11 Agustus 2024, di siang hari yang sangat cerah saya pergi makam Ki Gede Sebayu, melewati hamparan sawah hijau membentang sejauh mata memandang. Pemandangan ini sungguh menenangkan, dengan petani yang bekerja di bawah sinar matahari pagi. Suara gemericik air dari irigasi menambah kesan damai, menciptakan ritme kehidupan yang tenang dan stabil. saya melihat banyak masyarakat melakukan aktifitas sekitar aliran irigasi seperti mandi, mencuci pakai dan sebaginya.
Di makam ini saya berbincang bincang bersama juru kunci makam Ki Gede Sebayu yang bernama bapak Nur Amin dan beliau dengan sukarela menjelaskan tentang Ki Gede Sebayu yang dimana makam ini merupakan situs bersejarah dan sakral yang memiliki daya tarik tersendiri. Ki Gede Sebayu merupakan pendiri sekaligus bupati pertama kota Tegal. Makam Ki Gede Sebayu yang dikelilingi oleh tembok putih menjadi ikon penting bagi Desa Danawarih. Makam ini tidak hanya merupakan situs bersejarah, tetapi juga simbol warisan budaya dan spiritual yang memiliki makna mendalam bagi masyarakat setempat. Ki Gede Sebayu, yang nama aslinya adalah Raden Atmo Arsantika, merupakan tokoh penting dalam sejarah Tegal, sekaligus keturunan dari Sunan Onje, seorang ulama yang memiliki peran besar dalam penyebaran agama Islam di Jawa. Saat dewasa, Ki Gede Sebayu sering menjadi panglima perang, namun kemudian menyadari bahwa konflik yang dihadapinya adalah perang saudara. Karena itu, ia memutuskan untuk meninggalkan Ponorogo dan pindah ke arah barat, tiba di Tegal pada tahun 600 M. Di Tegal, Ki Gede Sebayu mulai menyebarkan agama Islam secara bertahap dan bertepatan itu juga diangkat sebagai bupati pertama Tegal. Ia fokus pada peningkatan kesejahteraan masyarakat melalui pengembangan pertanian, dengan bantuan 40 santrinya yang memiliki berbagai keahlian. Salah satu upayanya adalah membangun bendungan di Kali Gung untuk irigasi. Ki Gede Sebayu dikenal luas sebagai pendiri Kota Tegal, sebuah kota yang kini menjadi salah satu pusat ekonomi dan budaya di Jawa Tengah. Setiap harinya, makam ini dikunjungi oleh sekitar 25 hingga 50 orang, yang datang untuk berdoa dan mengenang jasa-jasanya. Kunjungan ini biasanya meningkat pada malam Jumat, ketika orang-orang datang untuk mencari berkah dan ketenangan spiritual. Selain itu, pada hari Rabu Pungkasan, sebuah tradisi keluarga Ki Gede Sebayu yang masih dilestarikan hingga kini.

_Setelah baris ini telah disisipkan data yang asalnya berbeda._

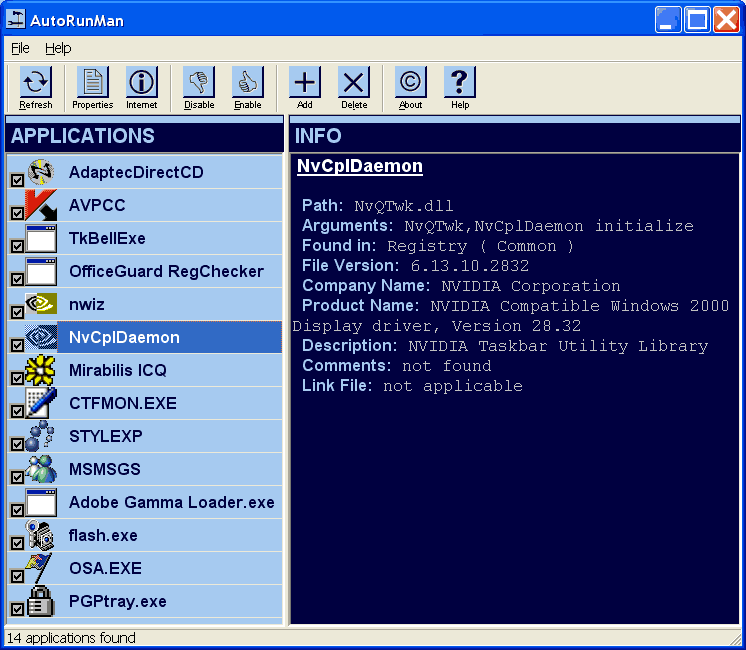 Autorunman это мощный и удобный менеджер программ, запускающихся автоматически при старте Windows. Autorunman производит поиск таких программ в системе и позволяет запрещать либо разрешать запуск этих программ одним щелчком мыши. Для того, чтобы пользователю было легче определиться с тем, что именно следует удалять, Autorunman извлекает из исполняемых файлов дополнительну. информацию. Можно посмотреть название компании-производителя, название и версию продукта, иконку программы и т.д. Если этой информации недостаточно, то можно воспользоваться кнопкой "Internet" для автоматического поиска дополнительной информации в Сети.

saya melihat bahwa makam Ki Gede Sebayu bukan hanya tempat peristirahatan terakhir seorang tokoh, tetapi juga menjadi pusat spiritual dan budaya yang menghubungkan masa lalu dengan masa kini. Maka dengan keberadaan makam ini desa Danawarih memiliki potensi besar untuk dikembangkan sebagai destinasi wisata religi dan budaya yang tidak hanya akan menarik wisatawan, tetapi juga memberikan dampak positif bagi perekonomian dan kesejahteraan masyarakat setempat.